**Records provided**
»»
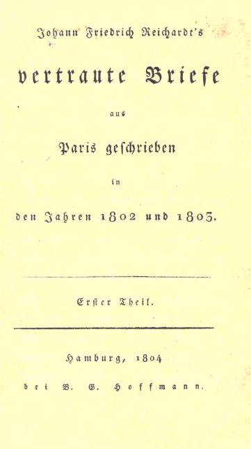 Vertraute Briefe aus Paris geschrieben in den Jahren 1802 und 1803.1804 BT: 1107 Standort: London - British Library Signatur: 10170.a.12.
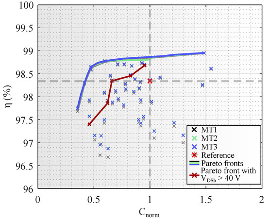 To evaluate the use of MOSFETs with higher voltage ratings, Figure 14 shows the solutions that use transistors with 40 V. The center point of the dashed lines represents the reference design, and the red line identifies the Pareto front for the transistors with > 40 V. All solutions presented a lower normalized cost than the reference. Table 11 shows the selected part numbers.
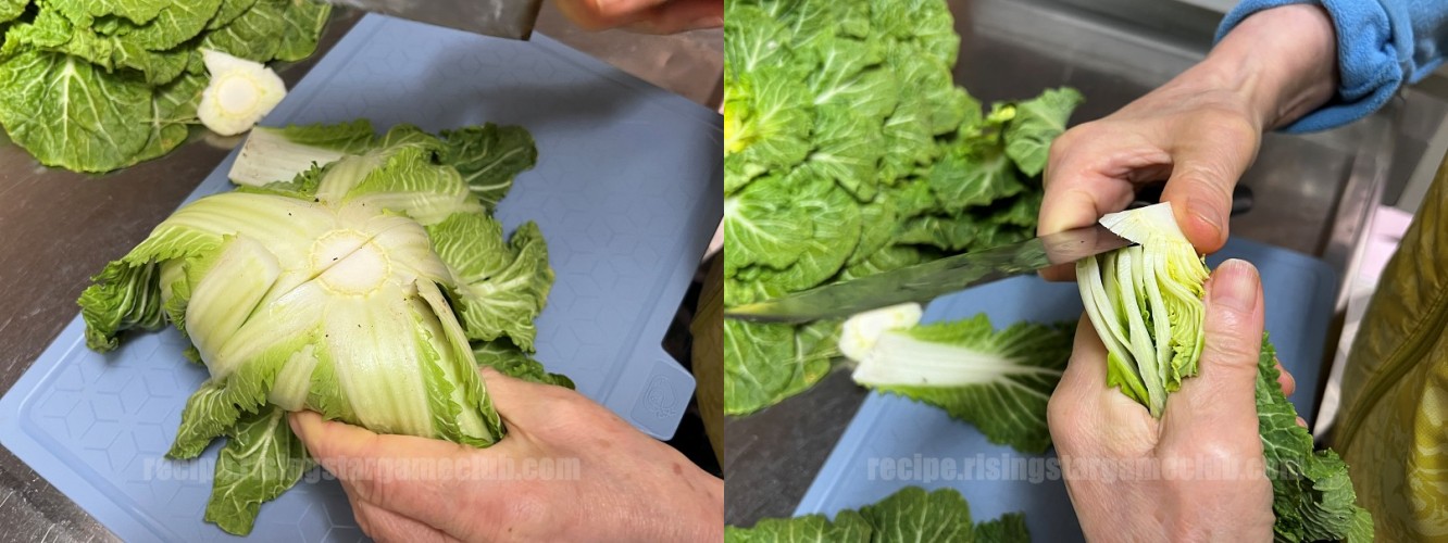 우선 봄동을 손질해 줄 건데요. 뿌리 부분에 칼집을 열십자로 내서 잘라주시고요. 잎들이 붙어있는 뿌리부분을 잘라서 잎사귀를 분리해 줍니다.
««
»»
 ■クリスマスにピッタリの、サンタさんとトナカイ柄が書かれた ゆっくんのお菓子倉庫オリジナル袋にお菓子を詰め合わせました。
««
**Task instructions**
Look above for the line with "Vertraute Briefe aus" and copy exactly from it through the line with "우선 봄동을 손질해 줄", both included. Omit the pictures.

**Final answer**
 Vertraute Briefe aus Paris geschrieben in den Jahren 1802 und 1803.1804 BT: 1107 Standort: London - British Library Signatur: 10170.a.12.
 To evaluate the use of MOSFETs with higher voltage ratings, Figure 14 shows the solutions that use transistors with 40 V. The center point of the dashed lines represents the reference design, and the red line identifies the Pareto front for the transistors with > 40 V. All solutions presented a lower normalized cost than the reference. Table 11 shows the selected part numbers.
 우선 봄동을 손질해 줄 건데요. 뿌리 부분에 칼집을 열십자로 내서 잘라주시고요. 잎들이 붙어있는 뿌리부분을 잘라서 잎사귀를 분리해 줍니다.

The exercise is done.